# 25th Anniversary Baquette Drops Now!



## Techluxe

They are coming. I just scooped my FF blue sequins baquette. I'm in love!


----------



## Techluxe

BTW the Purple SJP Baquette Drops in Feb 2023 in case your still craving it. 

Here are my unboxing pics.


----------



## hameargb

Techluxe said:


> BTW the Purple SJP Baquette Drops in Feb 2023 in case your still craving it.
> 
> Here are my unboxing pics.
> 
> View attachment 5645588
> 
> 
> View attachment 5645589
> 
> 
> View attachment 5645590


Hi - great choice!

Do you know the price of the SJP collab - trying to find but hard! 

Enjoy the new bag


----------



## Techluxe

My understanding is that it will be $4300.00+Tax same as the non-SJP Sequins but I can confirm with my guy.


----------



## hameargb

Techluxe said:


> My understanding is that it will be $4300.00+Tax same as the non-SJP Sequins but I can confirm with my guy.


Thank you!


----------



## Techluxe

hameargb said:


> Hi - great choice!
> 
> Do you know the price of the SJP collab - trying to find but hard!
> 
> Enjoy the new bag


$4390+Tax - Straight from my SA's text. The guy is just awesome. Here are some pics he shared with me yesterday.
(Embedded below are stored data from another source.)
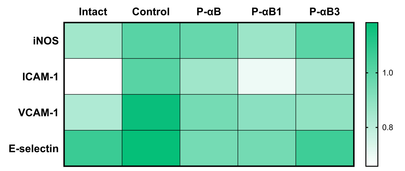 Along with the anti-apoptotic effect, the studied drugs decreased the expression of the genes for inflammatory marker Nos2, and molecules of intercellular adhesion Icam1, Vcam1, and E-selectin, which had been increased against the background of trauma. The most pronounced effect was obtained in the group treated with the P-αB1 compound (Fig. 5).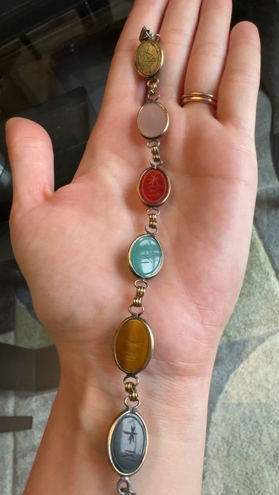 Vintage Scarab Link Bracelet Natural Various Stones Carved Size 7.25. Looks like it may have been gold plated but nearly all has worn off. Clasp is stamped sterling. Metal under the gold plating unknown but it is not magnetic and is silver in tone- could be sterling silver but not tested. Feel free to reach out with any questions.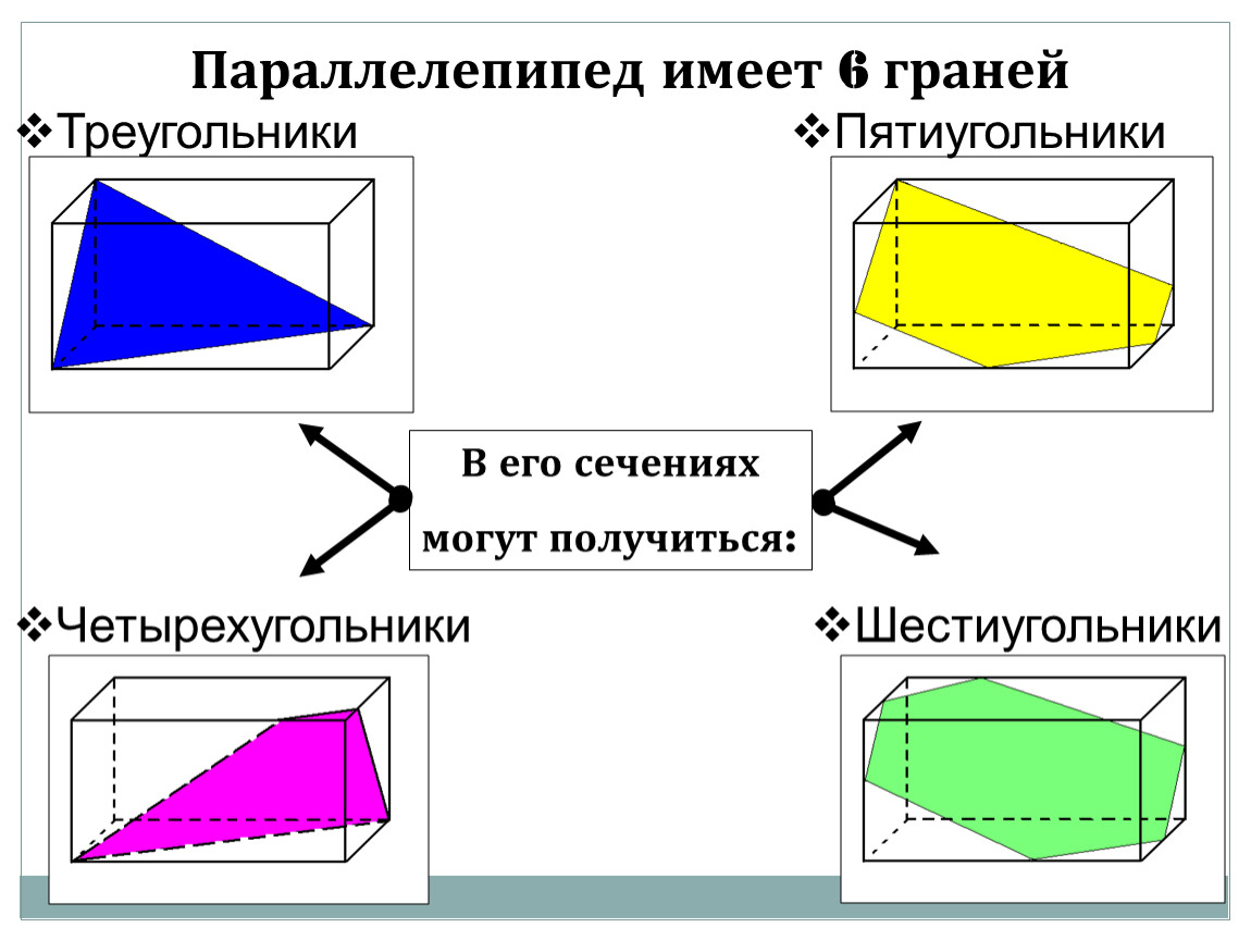 Т.к. параллелепипед имеет шесть граней, то в сечении могут получиться 3,4,5 или 6-угольники.
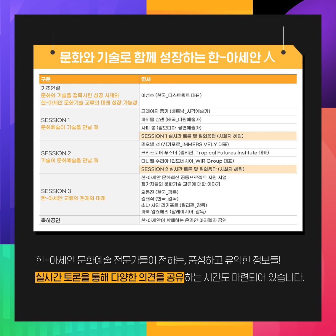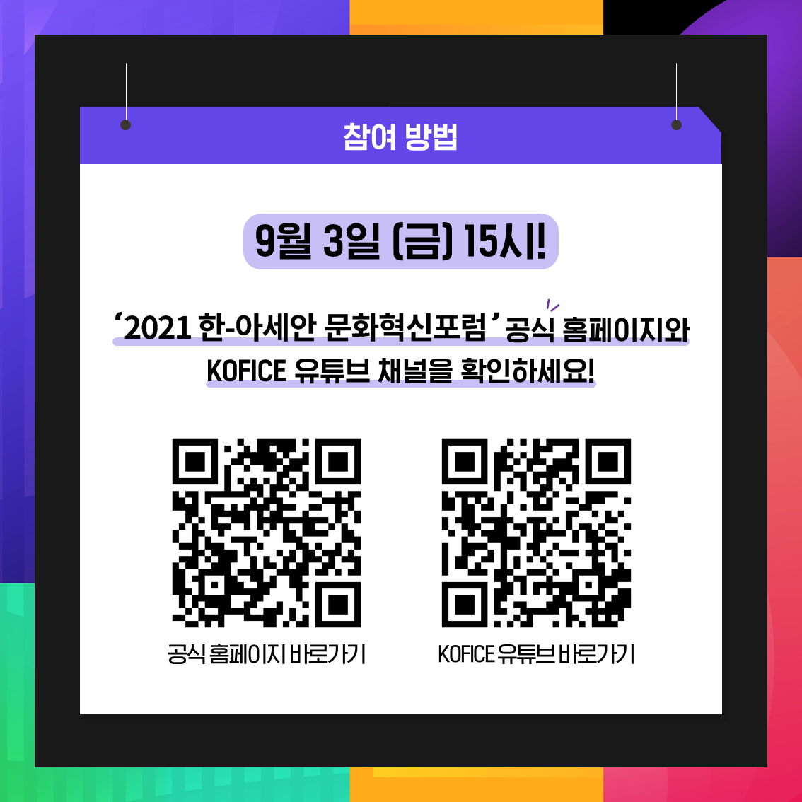 · 참여 : '2021 한-아세안 문화혁신 포럼' 홈페이지 (https://aseanrokculturesummit.kr/)

They are also in another thread so now they are everywhere here.  Peace and Baquette!


----------



## ProShopper1

Techluxe said:


> BTW the Purple SJP Baquette Drops in Feb 2023 in case your still craving it.
> 
> Here are my unboxing pics.
> 
> View attachment 5645588
> 
> 
> View attachment 5645589
> 
> 
> View attachment 5645590


Do you love the color?  I'm so torn they're all so pretty..I've been wanting one of the vintage ones for years. Stupidly passed when I saw the red and purple preloved for $1500-2000 because it seemed like too much. I'm kicking myself now of course!


----------



## Techluxe

I totally LOVE the colors. The Red and Pink baquette (25th Anniversary) not so much. The one pictured here that I picked up two days ago is Turquoise the photo looks green though. I also had a Gold Sequins baquette but found that one difficult to match up with and returned it. I have a craving for sequins, which is also in my wardrobe here and there. If you don't the baquette you choose the return policy is 15 days (?). I tend to purchase unique luxury bags. Of all my SIX Chanel bags only two are classics. The one retro Zucca FF baquette (picture here from 2014 is now a collectors item. I purchased it for $1400 and its now worth $3000. Whenever I put it up for sale I get hassled and stalked so I have never sold it. My Fendi SA's manager told me NEVER to sell it and if I do ask for $3K. I think the 25th anniversary and SJP will hold its value. There are nutty folks selling last years SJP Purple baquette on Vestaire for $20K - Criminal!


----------



## Techluxe

hameargb said:


> Thank you!


Sorry he just corrected himself. I was right the RP is $4300!  Cheers


----------



## ProShopper1

Techluxe said:


> I totally LOVE the colors. The Red and Pink baquette (25th Anniversary) not so much. The one pictured here that I picked up two days ago is Turquoise the photo looks green though. I also had a Gold Sequins baquette but found that one difficult to match up with and returned it. I have a craving for sequins, which is also in my wardrobe here and there. If you don't the baquette you choose the return policy is 15 days (?). I tend to purchase unique luxury bags. Of all my SIX Chanel bags only two are classics. The one retro Zucca FF baquette (picture here from 2014 is now a collectors item. I purchased it for $1400 and its now worth $3000. Whenever I put it up for sale I get hassled and stalked so I have never sold it. My Fendi SA's manager told me NEVER to sell it and if I do ask for $3K. I think the 25th anniversary and SJP will hold its value. There are nutty folks selling last years SJP Purple baquette on Vestaire for $20K - Criminal!
> 
> View attachment 5645673


I've reordered the 5 so many times lol. I think the blue is my #1 right now. Did you see the red in person? I would want a true red, no orange undertones.


----------



## Techluxe

My SA sent me pics like two months back. I was just kinda repelled. I think I have the photos I will upload this evening. If you need a Fendi SA mine is beyond, beyond OUTSTANDING! if he or his manager ever left I would probably not have ANY Fendi. I can share his work email if you like. I guess I'm allowed to do that here.


----------



## ProShopper1

ProShopper1 said:


> I've reordered the 5 so many times lol. I think the blue is my #1 right now. Did you see the red in person? I would want a true red, no orange undertones.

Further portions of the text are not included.